Currently (at the time of writing), Mrs May is still waiting to speak to Arlene Foster and her Wednesday visit to Brussels has been cancelled. As far as the rest of the week goes, Mr Juncker has told her that she has the Thursday but that's it.

But, even if by then – or whenever the next meeting takes place – Mrs May has managed to square off the DUP, her Secretary of State has destroyed the Brussels pitch. As now defined, there is no possible way that the "colleagues" can accept regulatory alignment as a satisfactory basis for allowing UK goods free access to Ireland.

Such is the apparent concern of Brussels that the talks should continue, one takes the view that the EU collectively has decided that it is too early for them to fail. We can, therefore, expect another fudge, although the options for "creative ambiguity" are rapidly running out.

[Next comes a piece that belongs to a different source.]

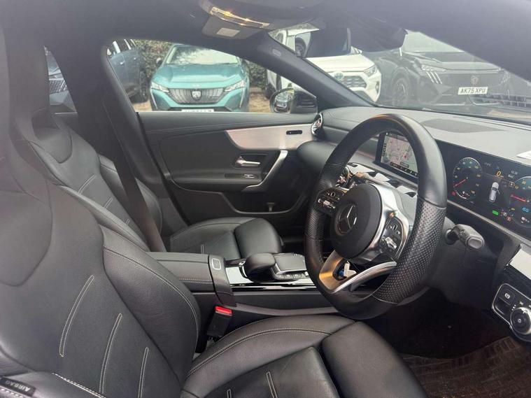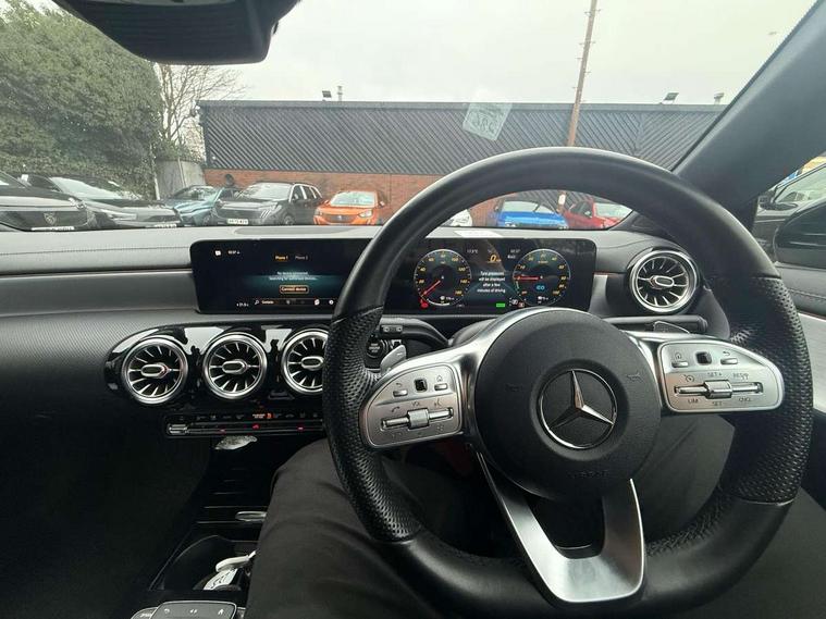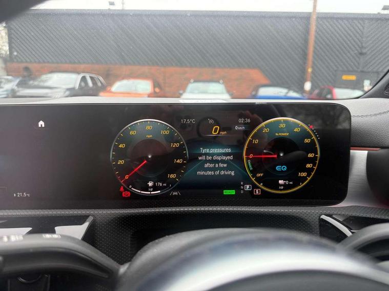10.25 inch Instrument display with digital cockpit, 10.25 inch touchscreen central media display, Acoustic ambient protection, Active lane keeping assist, Attention assist - Monitors steering behaviour and long journey fatigue, Bluetooth connection, Car wash mode, Cruise control with limiter, Direct steer system with speed sensitive power steering, DYNAMIC SELECT with a choice of driving modes (ECO, Comfort, Sport and Individual), Easy-pack tailgate, ECO start/stop function, Fluid level warning indicator for fuel, oil, coolant and washer fluid, Hard-disk navigation, Hey Mercedes Voice activation, Lamp failure indicator, MBUX augmented reality for navigation, Mercedes me connect including emergency call system, accident recovery, breakdown management and maintenance, Outside temperature gauge, Owners manual and service booklet in English, Pre-installation for remote and navigation services, Pre-installation for Vehicle Monitoring, Pre-installation for Vehicle Setup, Pre-installation of private car share, Preinstallation for Mercedes Benz link, Radio aerial integrated into front and rear windshields, Service indicator (ASSYST), Smartphone integration with Apple CarPlay and Android auto, Speed limit assist, Trip computer in multifunction display with current consumption indicator, Wireless charging, 3 Pin charging cable, 4m charging cable for wall box/charging stations, 7.4 kW onboard charger, Comfort suspension, Rear axle multi-link, DAB digital radio tuner, MBUX multimedia system with DAB digital radio and touchpad including satellite navigation, Mercedes Benz advanced sound system (225 W) with 10 speakers, 1 central speaker, speakers on doors, a tweeter on door, one sub woofer + boost amplifier, USB (type C) ports (2) in stowage compartment and 1 in front of centre console, Adaptive brake lights, AMG body styling with AMG front apron and rear apron and visible exhaust tailpipe in chrome trim elements, AMG bodystyling side skirts, Body colour bumpers, Body colour door handles, Chrome beltline strips, Chrome weather strip, Diamond radiator grille pins in chrome with silver painted louvres and chrome insert, Electric windows, Electrically adjustable and heated door mirrors with integrated LED indicators, EQ badging, Exhaust system with 2 Visible tailpipe trim elements and rear apron with trim in chrome, Headlamp assist automatic headlamp activation, Heated glass rear windscreen + timer control, High level LED third brake light, Interior mirror with black reading lamps and frameless, LED high performance headlamps with integrated LED daytime running lights, LED tail lamp, Privacy glass with dark tinting on rear side windows and rear window, Rain sensing windscreen wipers with two sensitivity settings, Rear fog lamp, Window line trim strip in chrome, 3 spoke flattened bottom nappa leather multifunction steering wheel with perforated leather in grip area, 40:20:40 split folding rear seats with backrest, Air conditioning - Two zone thermotronic luxury automatic climate control with display, Air vents with surround in silver chrome, Automatic child seat recognition sensor, Black roof lining, Brushed stainless steel sports pedals with rubber studs, Charging socket, Floor mats with stitched AMG lettering, Front centre armrest with stowage, Galvanished gear shift paddles on steering wheel, Heated front seats, Illuminated glove compartment stowage, Illuminated Mercedes benz door sills with Mercedes Benz lettering, Interior lighting - 64 colour Ambient lighting, Luggage net on driver/front passenger seat backrest, Manually adjustable front seats, Manually height and reach adjustable steering column, Pre-entry climate control, Rear armrest with two integral cup holders for drinks, Rear head restraints, Sport seats with fixed head restraints, Stowage compartment in centre console with retractable cover, Sunvisors with illuminated vanity mirrors, Touchpad on center console, Twin front cupholders, Two outer rear seat isofix and top tether child seat fixing points, Keyless go pack - CLA, Light and sight pack - CLA, Mirror pack - CLA, Parking package - CLA, Seat comfort pack - CLA, Active bonnet pedestrain safety measure which detects an impact and raises bonnet by 65mm, Active brake assist includes forward collision warning system with autonomous braking, Adaptive brake assist with hold function and hill start assist, Anti-lock braking system (ABS), Black seat belts, Bonnet with power domes, Brake pad wear warning indicator, Childproof locks manually operated for rear doors and electrically operated for rear power windows, Crash responsive emergency lighting, Driver and front passenger head and sidebags, Driver and front passenger windowbags, Drivers knee airbag, Dual stage driver and front passenger airbags, Electric parking brake, Electronic stability programme with acceleration skid control, ESP curve dynamic assist, Front and rear seatbelt reminder, Front passenger seat occupancy sensor, Perforated front brake discs, Radar-based recuperation, Three point rear seat belts, Tyre pressure monitoring system, Warning triangle and first aid kit, Remote central locking and crash sensor with emergency opening function, Urban guard vehicle protection system with immobiliser and interior protection, Light aluminium with longitudinal grain interior trim, 18" 5 twin spoke design alloy wheels painted in titanium grey with high sheen finish, Summer tyres, Tirefit tyre sealant kit,

What we must not lose sight of though is that this current shambles has demonstrated that the UK government's strategic thinking on Brexit has not advanced one iota. It is still wanting to have its cake and eat it, and still hasn't come to terms with the consequences of leaving the Single Market.

And all of this goes back to the Lancaster House speech, my response to which was expressed in uncharacteristically blunt language. And if that's what we were then, that's what we are now. Nothing has changed.